When I was a little girl, my extended family would often get together at my grandmother’s house. There we would eat and laugh and play Scrabble with aunts, uncles, cousins. And there, shuffling around the house in her slippers, was my great-grandma, Josefina.
Josefina only spoke Spanish. I only spoke English. She would smile and hug me, and I would kiss her soft, wrinkled cheek. I would watch her making tortillas. I’d try my hand at rolling out my own, which usually ended up looking something like Texas.

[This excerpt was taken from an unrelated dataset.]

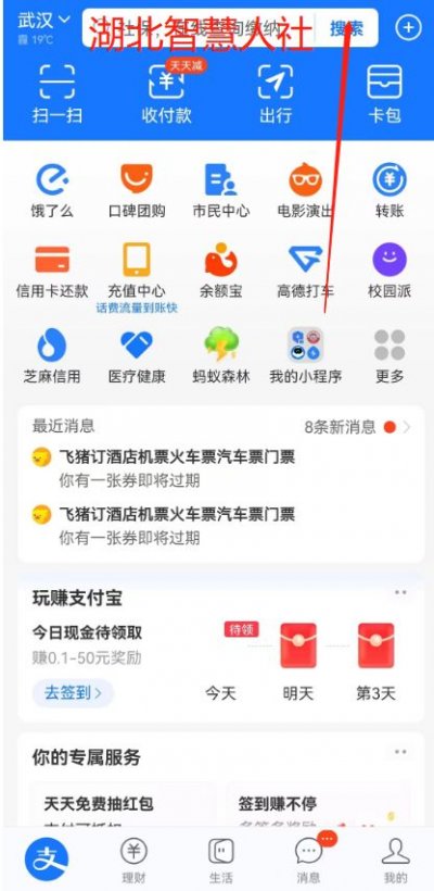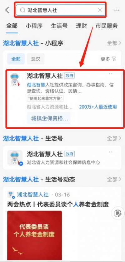 1、进入“支付宝”app;在搜索栏搜索“湖北智慧人社”

Great-grandma Josefina and I didn’t have conversations. Sometimes I would ask how to say something in Spanish so I could talk to her. Something simple like “Agua, por favor,” “Water, please.” As she handed me my freshly-cooked tortilla, the Texas look-alike that she had gently stretched into an almost circle, I would say “Gracias” “Thank you.” But usually we just smiled.
Though we never actually spoke more than a few words to one another, I loved my great-grandma. I loved her yummy food, her shuffling walk, making tortillas together and knowing that she loved our family, including me.
When I was twelve years old, before I ever started studying Spanish, my great-grandma passed away. But bits of her life still remain. The cake table at my wedding was adorned with a beautiful, white lace tablecloth that she crocheted. Her family still gathers for food and laughter, and the occasional homemade tortilla, in that same house. And now, I speak Spanish.